The contents described in this section merely provide background information on the embodiment of the present invention and do not constitute the prior art.

As the use of gas increases day by day in modern society, gas can help us in our daily life, but it can cause serious damage if it is used incorrectly. In order to prevent gas damage in advance, the use of gas sensors that detect flammable or harmful gas early is increasing.

Typically, gas sensors are classified into solid electrolytes, contact combustion, electrochemical, and semiconductor. Of these, semiconductor micro gas sensors are the most studied recently. This is because the semiconductor micro gas sensor is manufactured or integrated on a silicon chip, thereby exhibiting compatibility with a general IC, and low cost and high efficiency in manufacturing and operation.

1 is a cross-sectional view of a conventional micro gas sensor. 1, a conventional semiconductor type micro gas sensor has a structure in which an insulating film 10, a silicon substrate 12 and an insulating film 14 are sequentially laminated from the lowest. On the heater electrode 18, an insulating film 20, And a sensing electrode 22 and a gas sensing film 24 are stacked on the insulating film 20.

In such a conventional semiconductor micro gas sensor, there is a difficulty in a process of accurately dropping the sensing material to the center of the sensing electrode 22 using a micro-syringe to form the sensing film 24.

In addition, the micro gas sensor having the above-described structure has a multilayer thin film structure. That is, the heater electrode and the sensing electrode are not formed on the same plane but have a laminated multilayer structure. In such a gas sensor having a multi-layer structure, there is a possibility that the heater electrode and the sensing electrode are short-circuited during the manufacturing process, and the defective rate of the product is increased.

According to one aspect of the present invention, there is provided a method of manufacturing a gas sensor array, comprising the steps of: forming a gas sensor array on a silicon substrate by a micromachining technique;

It is another object of the present invention to provide a gas sensor formed by coating a sensing material with electrohydrodynamic printing and a method of manufacturing the same.

It is another object of the present invention to provide a method and apparatus for preventing the short circuit phenomenon which is a main problem of the semiconductor type gas sensor by patterning the electrothermal electrode and the sensor electrode in the same layer on the same plane, And a method of manufacturing the same.

The technical object of the present invention is not limited to the above-mentioned technical objects and other technical objects which are not mentioned can be clearly understood by those skilled in the art from the following description will be.

In order to achieve the above-mentioned object, the gas sensor array according to an aspect of the present invention may include a substrate having a rim and a hollow portion inside the rim.

And a first insulating layer formed on the upper surface of the rim portion of the substrate and the hollow portion.

And a sensor electrode pattern formed on the upper surface of the first insulating layer and having a sensing portion including a ring portion and a periphery portion surrounding the ring portion and a pair of sensor electrode portions electrically connected to the sensing portion have.

The sensor electrode pattern of the first insulating layer is formed on the same plane as the sensor electrode pattern of the first insulating layer and has a heating part surrounding the sensing part to heat the sensing part and a pair of heater electrode parts electrically connected to the heating part.
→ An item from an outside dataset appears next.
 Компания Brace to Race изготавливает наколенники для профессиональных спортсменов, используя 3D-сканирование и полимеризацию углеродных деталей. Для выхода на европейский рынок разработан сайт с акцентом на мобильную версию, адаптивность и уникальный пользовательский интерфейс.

And an electrode pattern.

The sensor electrode pattern and the second insulating layer may be formed on the surface of the electrothermal electrode pattern and include an exposed portion for exposing the sensing portion, the sensor electrode portion, and the heater electrode portion to the outside.

And a sensing material that is coated on the exposed portion for exposing the sensing portion to the outside through an electric field of a threshold value or more.
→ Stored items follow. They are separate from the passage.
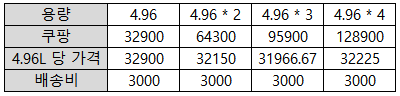 저는 4.96L 1개를 구매하는 것을 고려하고 있어 32900원을 기준으로 보겠습니다.
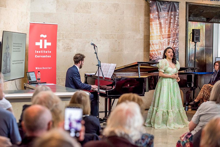 May saw the return of Live at Lunchtime our annual free, relaxed Friday concerts featuring local performers in our Stalls Foyer – perfect if you’d like to discover some new music during your lunchbreak or trip into town! Beautiful vocal ensemble, The Mancunium Consort, kicked off the series on the 3 May with a bang, performing stunning choral repertoire to a packed-out audience. Next up on 10 May we had students from Chetham’s School of Music. The young talent blew everyone away as Claire (French horn), Elizabeth (vocals) and Lily (flute) performed a range of music from Strauss to Schumann. On 17 May, RNCM graduates, NOMAD brought their extremely moving original piece ‘The Gardener’s Daughter’ to Live at Lunchtime. Through a combination of viola, violins, cello and opera this piece explored themes of grief, love, and loss in an immersive performance. Moving onto 24 May, Mali Hayes delivered a stunning soulful performance, bringing a setlist of beautiful original songs to the Hall. Last Friday 31 May, we were treated to an extra special performance from Ricardo Gosalbo (pianist) and Julieth Lozano (soprano). In collaboration with Instituto Cervantes Manchester, as well as offering amazing music, the duo took us through a fascinating history of Zarzuela – a unique lyrical genre with its roots in 17th Century Spain. Live at Lunchtime is back on Friday 14 June with a performance from Milap’s Kousic Sen and Giuliano Modarelli.
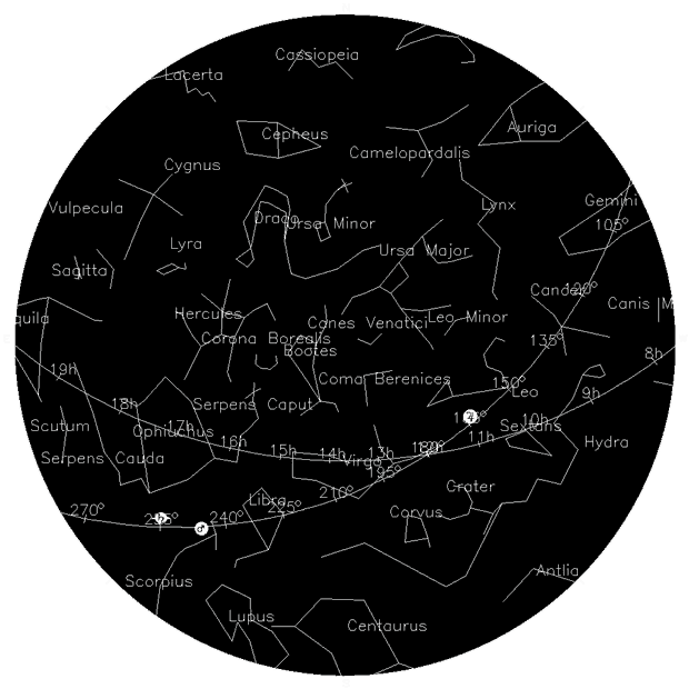 The band of stardust and gas we call the Milky Way is absent from the May sky until after midnight when it swings down from the north into the eastern sky. We look edge-on through the plane of our galaxy, but right now the plane of the Milky Way is lined up with the plane of the Earth’s horizon. If you think of the galactic plane as the galactic equator, then there is a galactic north pole and south pole. Find the galactic north pole by looking for Coma Berenices directly overhead. Look for three faint stars that form a corner—between Arcturus and Leo—and you will be looking beyond our galaxy, although the stars you see are within the Milky Way. Thousands of galaxies—not visible with the naked eye—loom beyond.

Here, the sensor electrode unit and the heater electrode unit may be disposed facing each other with the sensing material interposed therebetween.

According to an embodiment, the sensing material may be formed by electrohydrodynamic printing (EHD) coating.

The plurality of exposed portions may be coated with various sensing materials.

Here, the sensing unit and the heating unit may be disposed at the center of the first insulating film, and the pair of sensor electrode units and the pair of heater electrode units may be disposed at the edges of the first insulating film, respectively.

Here, the heating electrode pattern may be one in which one heating wire extends from one of the pair of heater electrode parts and surrounds the sensing part in a double circular shape and extends again to another one.

According to another aspect of the present invention, there is provided a method of fabricating a gas sensor array, comprising: forming a first insulating layer on a substrate; and forming a first insulating layer on the substrate.

And forming a sensor electrode pattern and a heating electrode pattern on the same plane of the upper surface of the first insulating layer.

The method may further include forming a second insulating layer on the sensor electrode pattern and the upper surface of the electrothermal electrode pattern.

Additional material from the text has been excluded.